(Source data)
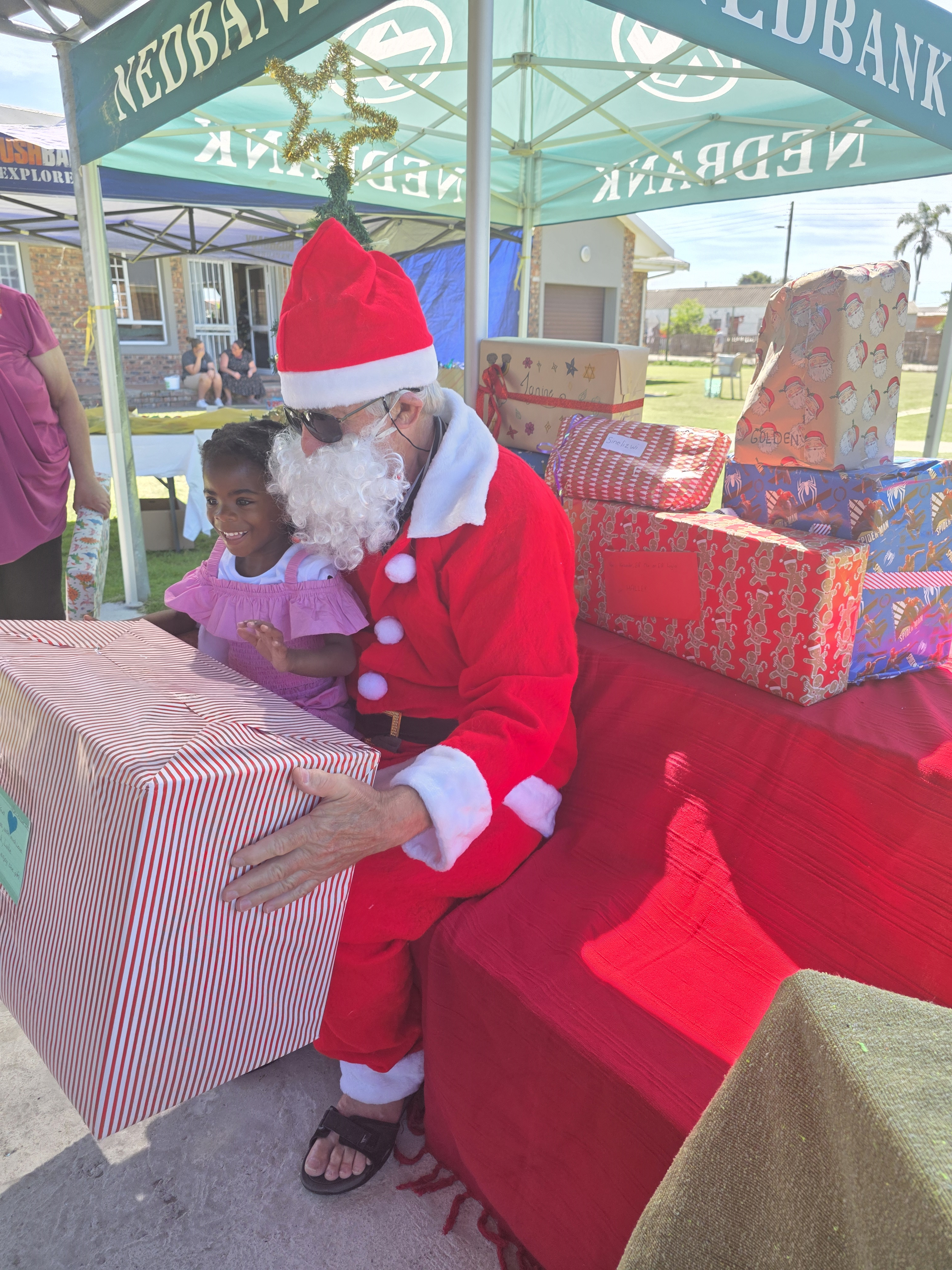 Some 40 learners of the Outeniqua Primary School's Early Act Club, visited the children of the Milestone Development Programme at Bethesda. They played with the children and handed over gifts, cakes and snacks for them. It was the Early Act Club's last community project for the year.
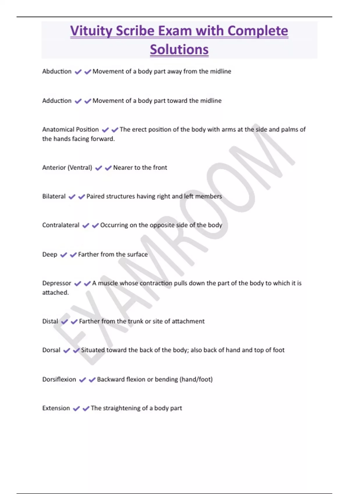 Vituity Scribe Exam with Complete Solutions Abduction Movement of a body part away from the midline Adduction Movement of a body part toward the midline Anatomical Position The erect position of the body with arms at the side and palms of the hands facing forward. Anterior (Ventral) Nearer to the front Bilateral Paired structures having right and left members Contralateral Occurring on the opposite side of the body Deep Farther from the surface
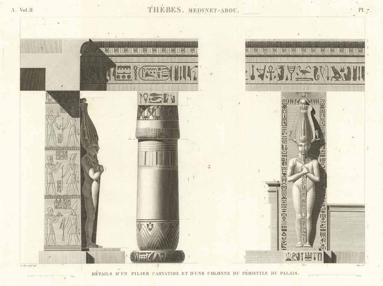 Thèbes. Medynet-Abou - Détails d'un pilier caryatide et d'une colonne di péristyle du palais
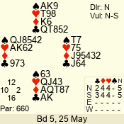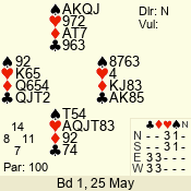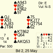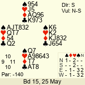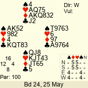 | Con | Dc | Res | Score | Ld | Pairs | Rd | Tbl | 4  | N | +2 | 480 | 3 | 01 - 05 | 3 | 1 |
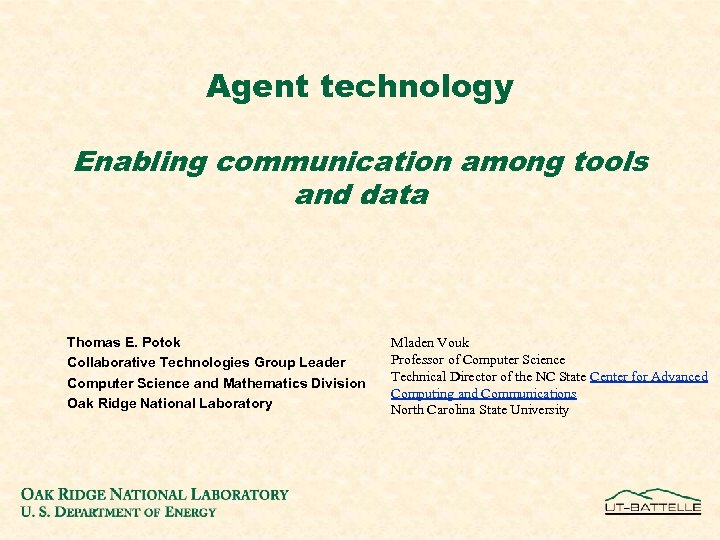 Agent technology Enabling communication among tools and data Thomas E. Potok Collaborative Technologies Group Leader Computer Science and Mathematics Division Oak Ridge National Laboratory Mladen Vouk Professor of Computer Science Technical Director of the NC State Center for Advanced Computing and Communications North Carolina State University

_Prompt_
The response should consist of the lines above from the first through the one containing "01 - 05 | 3 | 1 |", transcribed exactly, with every picture left out.

_Response_
 Some 40 learners of the Outeniqua Primary School's Early Act Club, visited the children of the Milestone Development Programme at Bethesda. They played with the children and handed over gifts, cakes and snacks for them. It was the Early Act Club's last community project for the year.
 Vituity Scribe Exam with Complete Solutions Abduction Movement of a body part away from the midline Adduction Movement of a body part toward the midline Anatomical Position The erect position of the body with arms at the side and palms of the hands facing forward. Anterior (Ventral) Nearer to the front Bilateral Paired structures having right and left members Contralateral Occurring on the opposite side of the body Deep Farther from the surface
 Thèbes. Medynet-Abou - Détails d'un pilier caryatide et d'une colonne di péristyle du palais
 | Con | Dc | Res | Score | Ld | Pairs | Rd | Tbl | 4  | N | +2 | 480 | 3 | 01 - 05 | 3 | 1 |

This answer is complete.